Summary

  1. Gradient Scaling:
    • The narrow dynamic range of FP8 can lead to underflow or overflow in gradients.
    • We introduced an automatic scaling technique that adjusts a scaling factor μ on-the-fly during training.
    • If too many gradient values hit the maximum representable value in FP8, we decrease μ to prevent overflow.
    • Conversely, if values consistently stay below a threshold, we gradually increase μ to mitigate underflow.
  2. Precision Decoupling in Optimizer:
    • Not all components in the optimizer require the same level of precision.
    • We found that gradient statistics (like first-order moments in Adam) can tolerate lower precision.
    • However, master weights and second-order moments are more sensitive and require higher precision.

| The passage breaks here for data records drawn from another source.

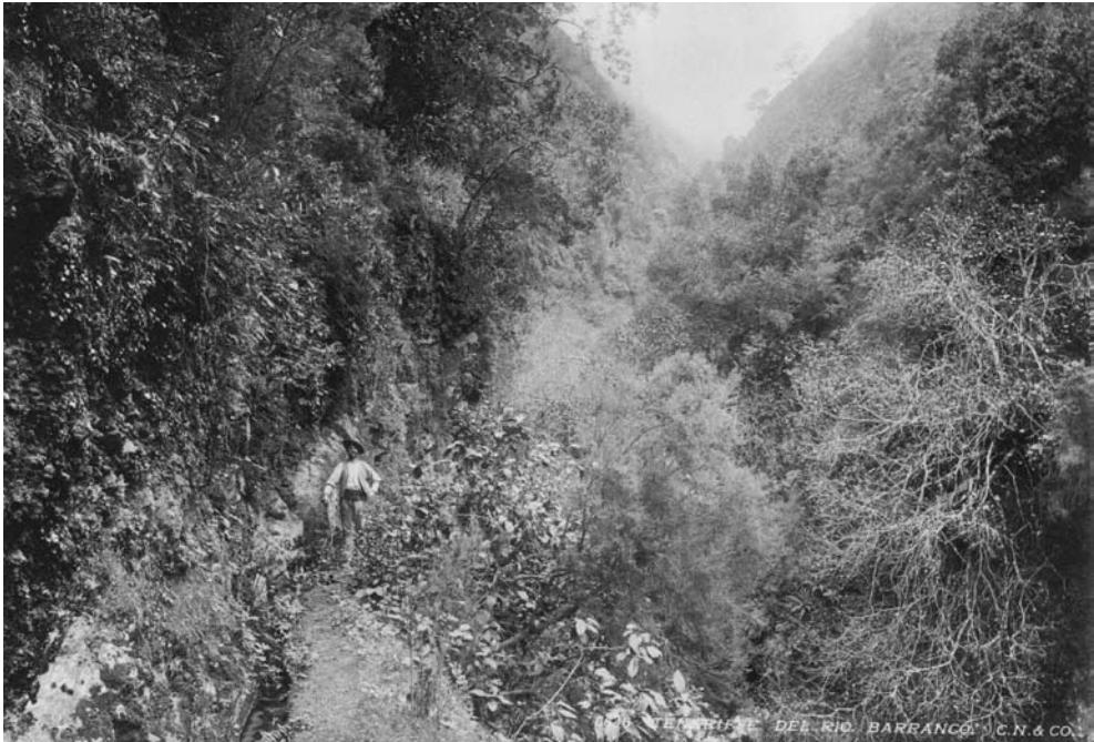
Figura 4. Barranco del Río. Fotografía de Carl Norman (1893). Archivo FEDAC.

el más leve temor o peligro. En todos lados es oído el murmullo de los numerosos torrentes que, en su curso descendente, aquí y allí caen en graciosas cascadas, o forman, en sombrías cubetas, cristalinos charcos de duendes. Tal fue la impresión que este magnífico barranco hizo en un reciente viajero y consumado naturalista, que entusiasmado declaró que este era el paraje más agradable del mundo. 18
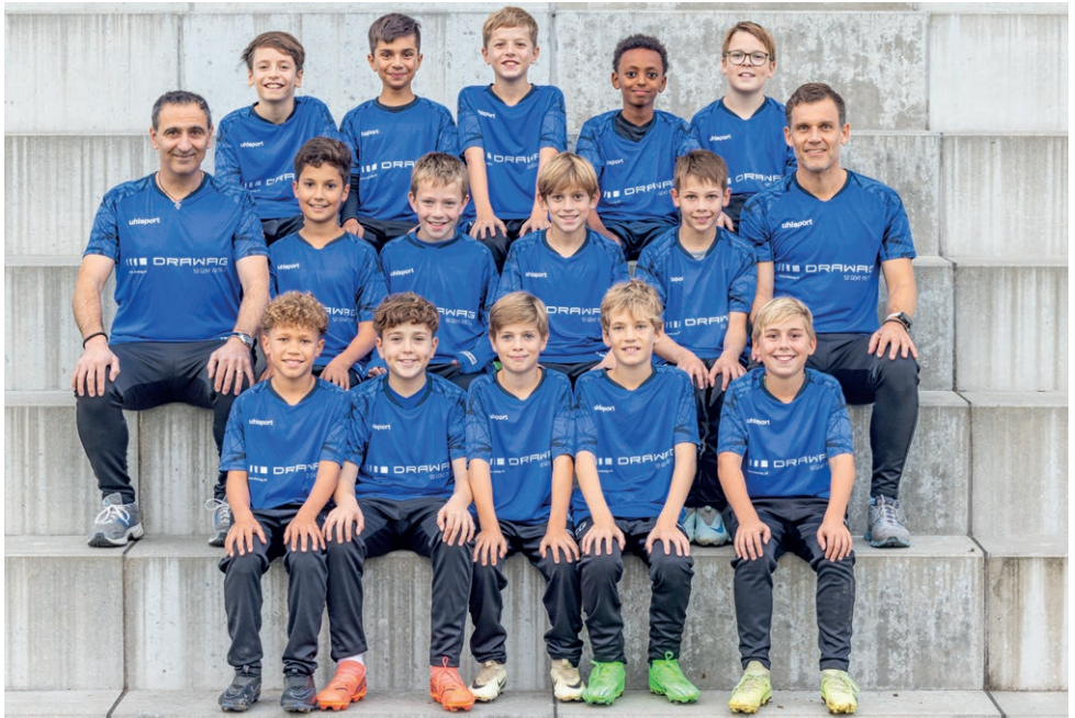
Neue Trainingsausrüstung für das Team D7a, gesponsert von der Drawag AG

2024 konnte der Vertrag um weitere 3 Jahre verlängert werden. Der FC Frick bedankt sich bei der DRAWAG AG und Dipek Khunti für die grossartige Unterstützung.
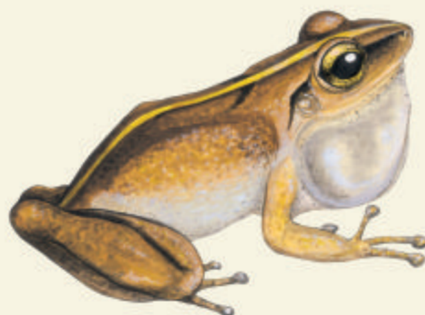
Hylode de la Martinique Gounouy
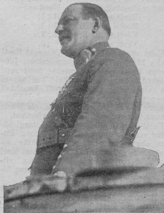
Vasakul võistlejate defilee staadionil kv. üleriiklikkudel võistlustel. Paremalt kaitseväge juht kindr. N. Reek, sõjaminister, kv. võistluste avamisel.

10.—14. aug. peeti Tallinnas üleriiklikud kaitseväge esivõistlused. Need on aastastasse edenenud nii oma osavõtult kui ka saavutustelt hiiglasammudega. Ilmekat keelt kõneleb järjest tõusnud osavõtjate arv:
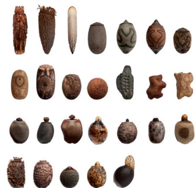
Eieren van verschillende soorten wandelende takken

De mannetjes zijn vaak wat groter dan vrouwtjes. Het mannetje herken je aan de bult die hij aan de onderkant van zijn achterlijf heeft. Een vrouwtje legt per nacht één tot vijftien eieren en in totaal vijftig tot duizend (!) eitjes per periode. Ze kan bevruchte eitjes leggen, zonder dat ze gepaard heeft. Afhankelijk van de soort duurt het twee tot veertien maanden voordat de eitjes uitkomen. Pasgeboren wandelende takken noem je 'nimfen'. Nimfen moeten vijf tot zes keer vervellen totdat ze volwassen zijn. Omdat het vrouwtje heel veel eitjes legt, is het beter om maar een klein deel van de eitjes te bewaren en de rest weg te gooien. De eitjes moet je apart, in een geschikt klimaat bewaren. Hoe dat precies gaat kun je in de dierspecialzaak vragen!
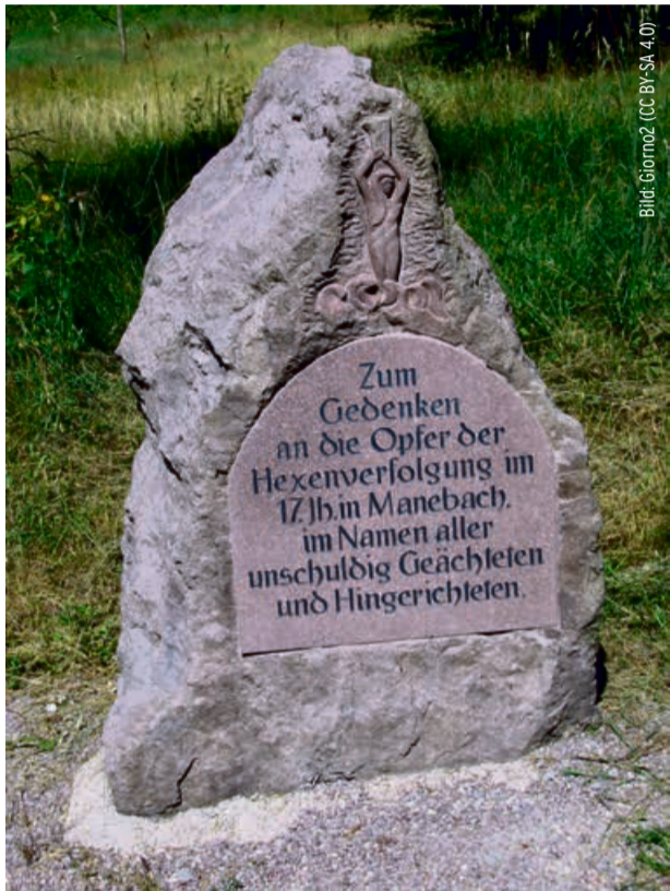
Denkmal für die Opfer der Hexenverfolgung in Manebach/Thüringen

Magnus Klaue war von 2011 bis 2015 Redakteur im Dossier- und Lektoratsressort der Jungle World und von 2015 bis 2020 Wissenschaftlicher Mitarbeiter am Simon-Dubnow-Institut für jüdische Geschichte und Kultur in Leipzig. Von Magnus Klaue ist 2022 im XS-Verlag der zweite und abschließende Band der Essaysammlung »Die Antiquiertheit des Sexus« erschienen. Seit Frühjahr 2024 ist er Mitherausgeber der Halbjahreszeitschrift »casablanca. Texte zur falschen Zeit«. https://textezurfalschenzeit.de/

    • This insight led us to use FP8 for first-order moments, but higher precision (e.g., FP16 with tensor scaling) for master weights.
  3. Tensor Scaling:
    • We use per-tensor scaling factors to better utilize the limited range of FP8.

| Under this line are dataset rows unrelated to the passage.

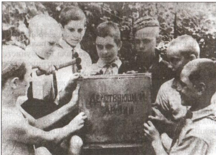
Отправка посылки на фронт, г. Сочи.

собствовавшая усилению связей тыла и фронта. Для населения Кубани организовывались передвижные выставки картин, в основном патриотической направленности. Осенью 1941 г. в Краснодарском художественном музее прошли выставки работ кубанских художников, а в октябре экспонировались картины И. К. Айвазовского, эвакуированные из музея в Феодосии. Аналогичную работу проводили театры Краснодара и Майкопа, на сценах которых с большим успехом шли пьесы патриотического содержания.
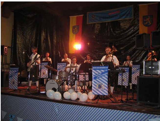
„Die Original Gipfelstürmer“

Sie haben es schon wieder geschafft! Im dritten Jahr in Folge heizte die Oktoberfest & Wiesn-Kapelle „Die Original Gipfelstürmer“ den Gästen des Bischheimer Oktoberfestes ordentlich ein. Aber wie es scheint, sind umgekehrt auch die Musiker ganz angetan vom Bischheimer Publikum, denn dieses Jahr brachten Sie eigens einen Kameramann mit, der die Stimmung im „Festzelt“ einfing. Gerade dieser großartigen Atmosphäre ist es wohl zu verdanken, dass die Veranstaltung bereits wenige Tage nach Eröffnung des Kartenvorverkaufs ausverkauft war.
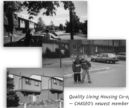
Quality Living Housing Co-op — CHASEO's newest member Quality Living Housing Co-op — Le membre le plus récent de l'AHCEO

Construite en 1984, la coopérative Quality Living compte 101 logements coopératifs et est située à Nepean. C'est une collectivité coopérative dans laquelle on y trouve des bénévoles et des nouveaux membres de personnel dévoués. Nous avons hâte de faire davantage votre connaissance au cours des années à venir!
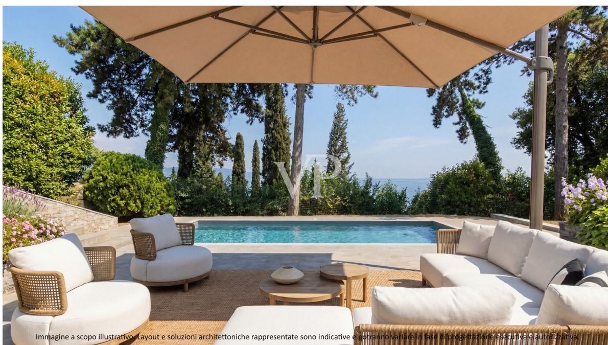
Immagine a scopo illustrativo. Layout e soluzioni architettoniche rappresentate sono indicative e potranno variare in fase di progettazione esecutiva e autorizzativa.
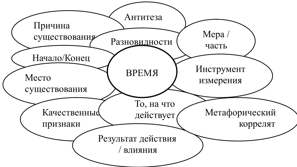
Рис. 1. Матрица доменов концепта ВРЕМЯ

Графически такая матрица может быть представлена в следующей схеме (Рис. 1):
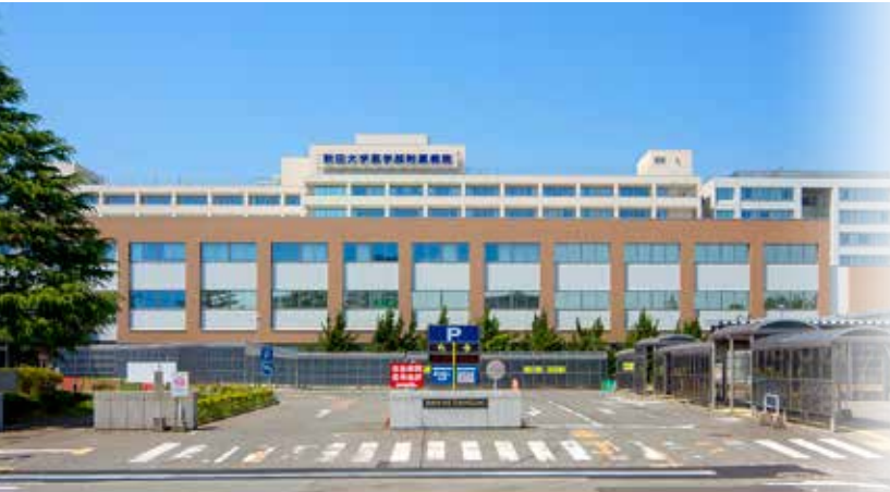
医学部附属病院(正面)

医学部附属病院は、教育研究施設であるとともに、地域における医療機関の中核として各専門分野にわたる豊富な知識と最新の医療機器等による診療機能を駆使する医療機関であり、平成6年には特定機能病院として承認を受け、地域に対する指導的役割を担う病院として、今後なお一層地域社会への貢献を行います。
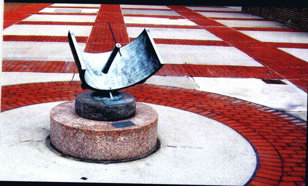
哥大物理系楼前的"图腾"。

    • This allows us to map the values of each tensor to the representable range of FP8 more effectively.
  4. Careful Handling of All-Reduce Operations:
    • All-reduce operations in distributed training can be particularly prone to underflow/overflow issues with FP8.
    • We developed a technique using a shared global minimum scaling factor across GPUs to ensure stable gradient aggregation.
  5. Adaptive Scaling for Activation in Parallel Training:
    • In sequence and tensor parallelism, we added FP8 conversion before all-gather and reduce-scatter operations on activations.
    • This helps maintain numerical stability while reducing communication costs.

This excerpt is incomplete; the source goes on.